Provided material: Begin
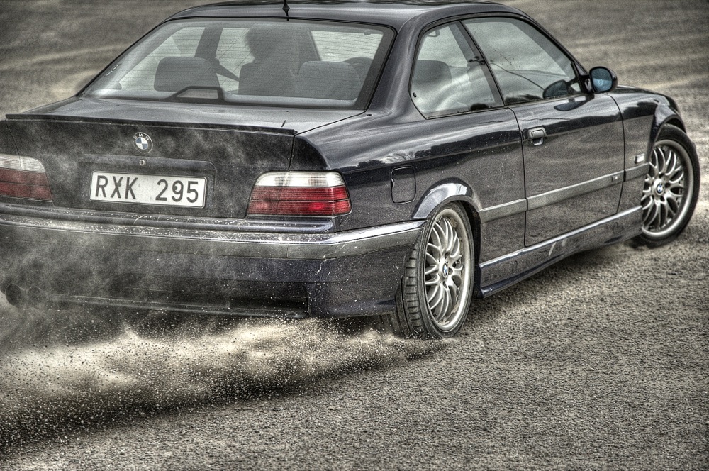 Efteråt så åkte jag och en kompis ut till en grusplan och sladdade lite med hans BMW, blev ett par bilder på det med. Skoj som tusan!
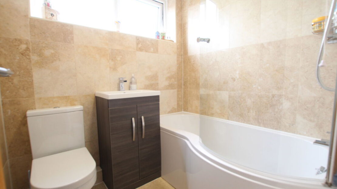 Fully tiled luxury refitted bathroom with uPVC obscure double glazed window to side elevation, chrome vertical towel rail/radiator, low level W.C, wash hand basin, panel ‘P’ shaped bath with mixer taps and separate shower over plus curved screen.
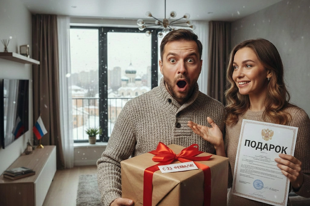 Что подарить на 23 Февраля 2026: Топ-25 идей подарков под любой бюджет. Обложка © Nano Banan AI
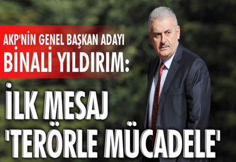 Türkiye'nin merakla beklediği sorunun cevabı yanıt buldu. AKP Genel Başkan adayı Ulaştırma Bakanı İzmir milletvekili Binali Yıldırım oldu. Binali Yıldırım'ın aday olarak açıklandığı toplantıya Başbakan Ahmet Davutoğlu katılmadı. İsminin açıklanmasının ardından açıklama yapan AKP Genel Başkan adayı Binali Yıldırım, "Milletim rahat olsun, bu terör belasını Türkiye'nin gündeminden çıkaracağız" dedi. Yeni dönemde başbakanlık görevini de alacak olan Binali Yıldırım'ın ilk mesajının "terörle mücadele" olması da ayrı bir önem taşıyor.
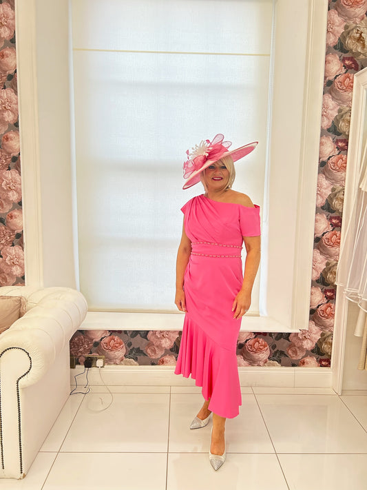John Charles 66513 Midi Dress With Asymmetric Neckline And Fluted Skirt in Tulip - 66513 SALE!
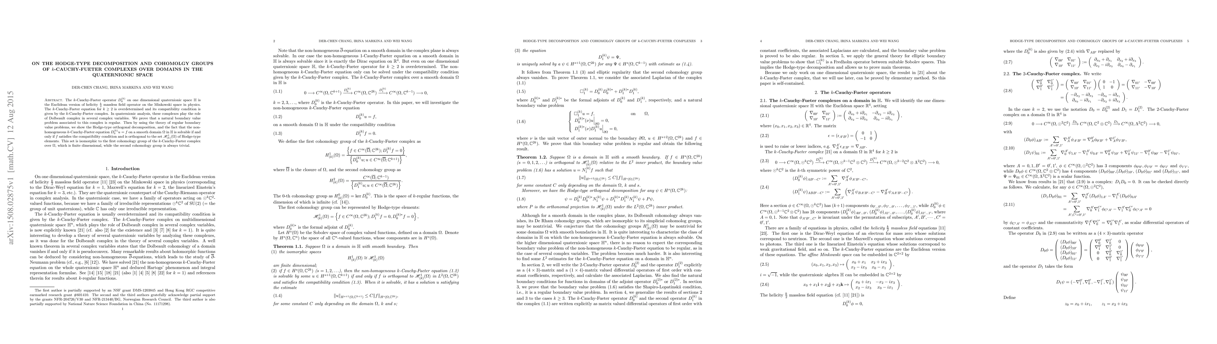 This paper investigates the $k$-Cauchy-Fueter complexes in quaternionic analysis, proving the regularity of associated boundary value problems and establishing a Hodge-type decomposition. It demonstrates that the $k$-Cauchy-Fueter equation is solvable if the input function satisfies compatibility conditions and is orthogonal to a specific set of elements, which corresponds to the first cohomology group.
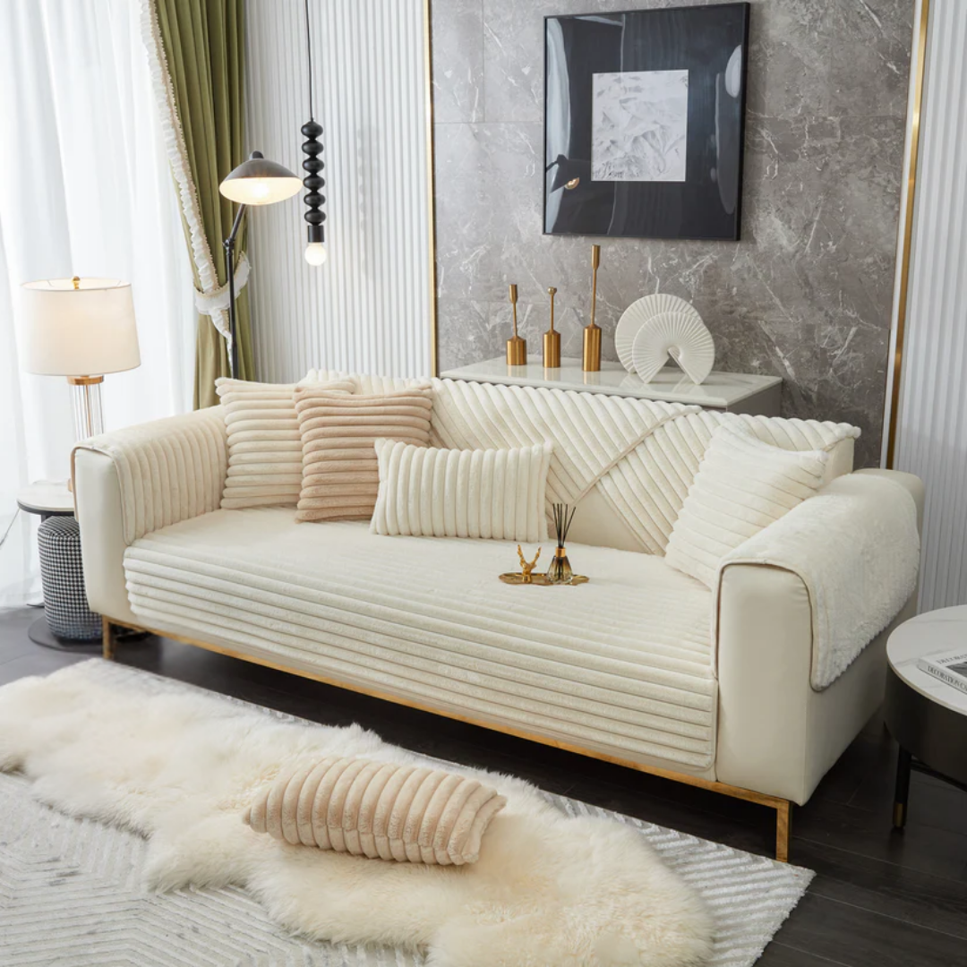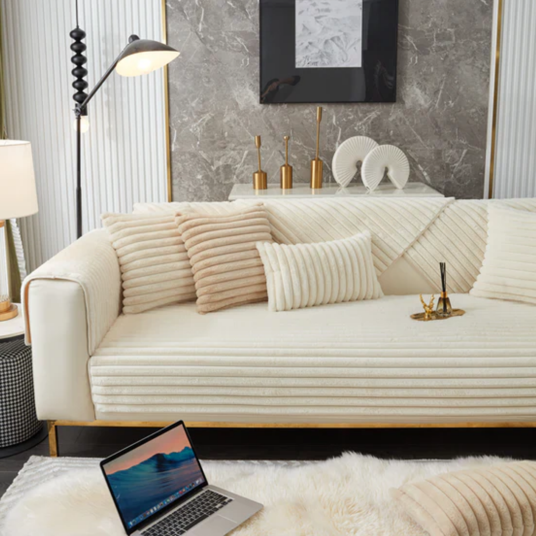 上質な光沢とふんわりとした質感が魅力の、ラグジュアリーなソファカバー。
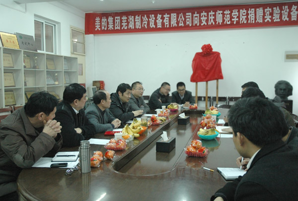 陈小胜副总经理介绍了美的集团及美的芜湖制冷设备有限公司概况。他在讲话中指出,此次向安庆师范学院捐赠实验实训设备以及在集团层面在省内高校中尚属首次,希望双方在今后工作中进一步加强合作,把前期合作基础做实、做强、做大,实现双赢。
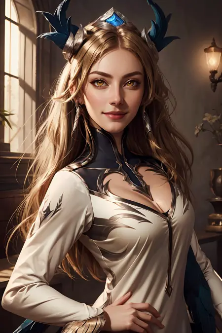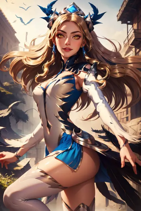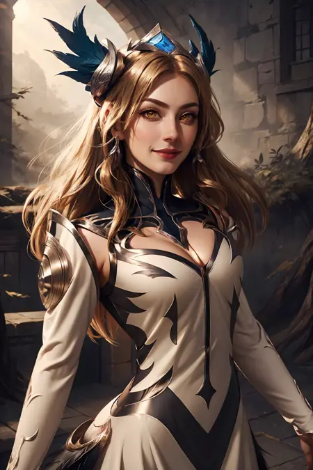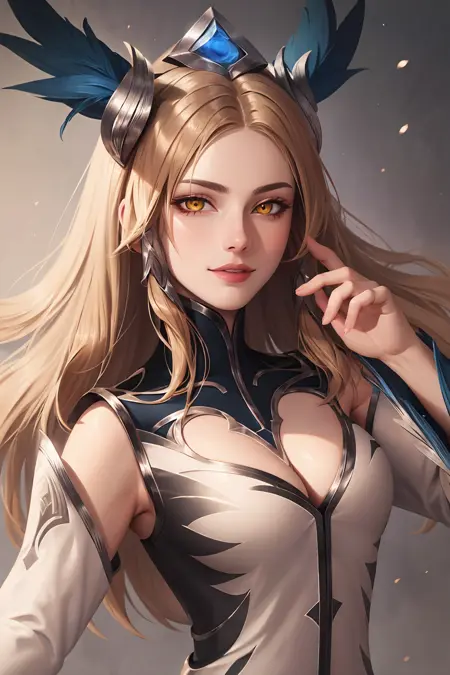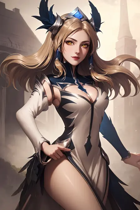 タグ: ig irelia, 1girl, 髪飾り, ブロンドヘア, 羽根, 外袖, ドレス, 胸元, 黄色い目
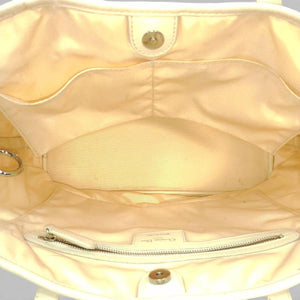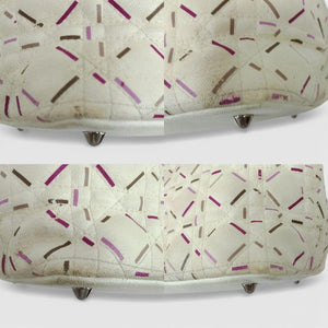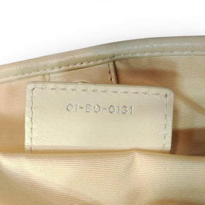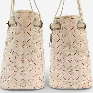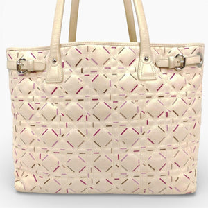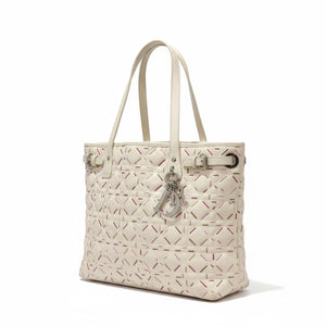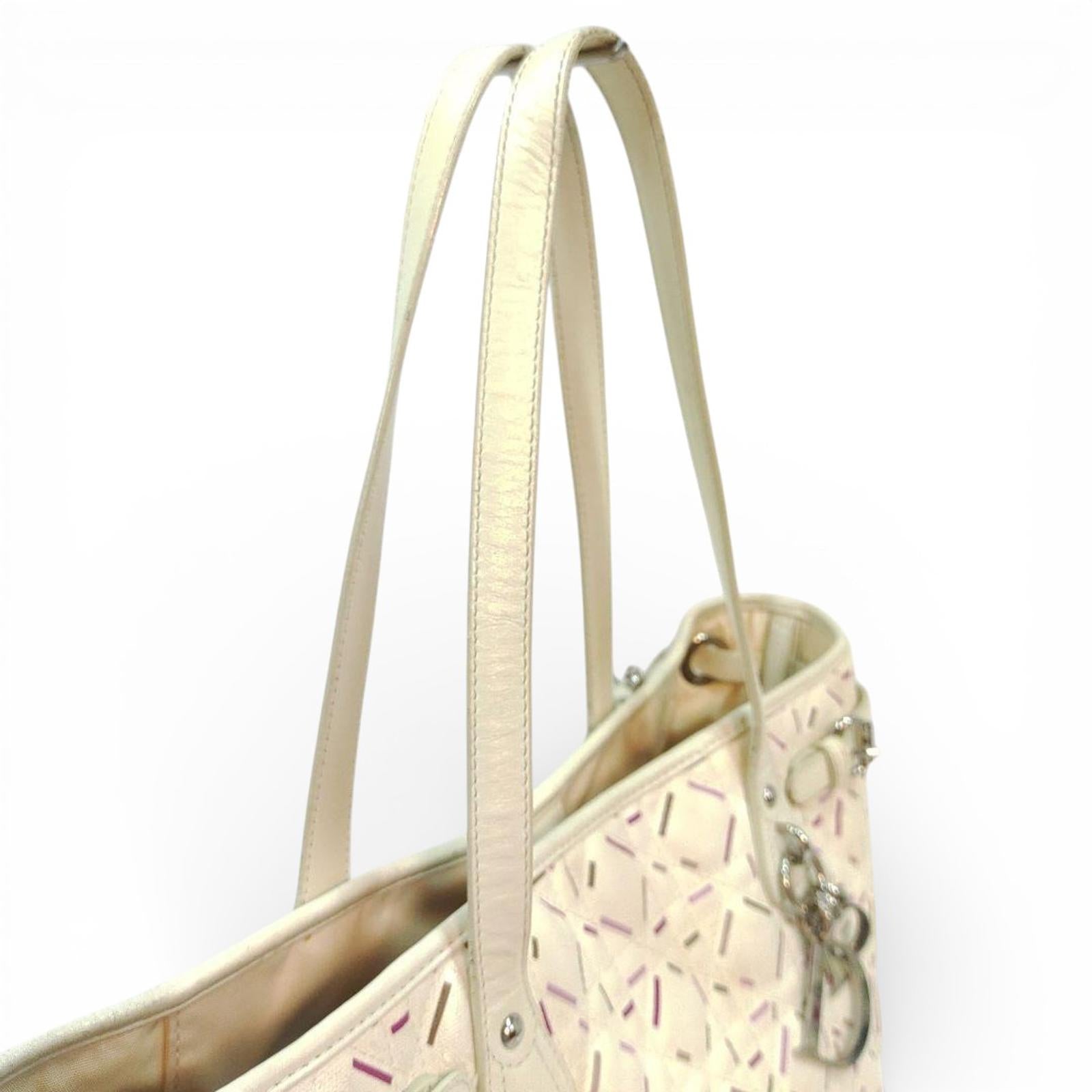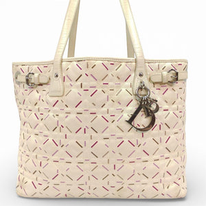 This elegant Christian Dior tote bag features a quilted leather exterior with a distinctive stitched pattern in soft cream tones accented by subtle pink and brown details. It includes two sturdy shoulder straps and a signature Dior charm hanging from one handle.
Provided material: End
### [Your assignment]
Print the lines from the one holding "タグ: ig irelia, 1girl, 髪飾り, ブロンドヘア, 羽根, 外袖, ドレス, 胸元, 黄色い目" through the last line of the records, word for word, and omit the pictures.

### [Completed task]
 タグ: ig irelia, 1girl, 髪飾り, ブロンドヘア, 羽根, 外袖, ドレス, 胸元, 黄色い目
 This elegant Christian Dior tote bag features a quilted leather exterior with a distinctive stitched pattern in soft cream tones accented by subtle pink and brown details. It includes two sturdy shoulder straps and a signature Dior charm hanging from one handle.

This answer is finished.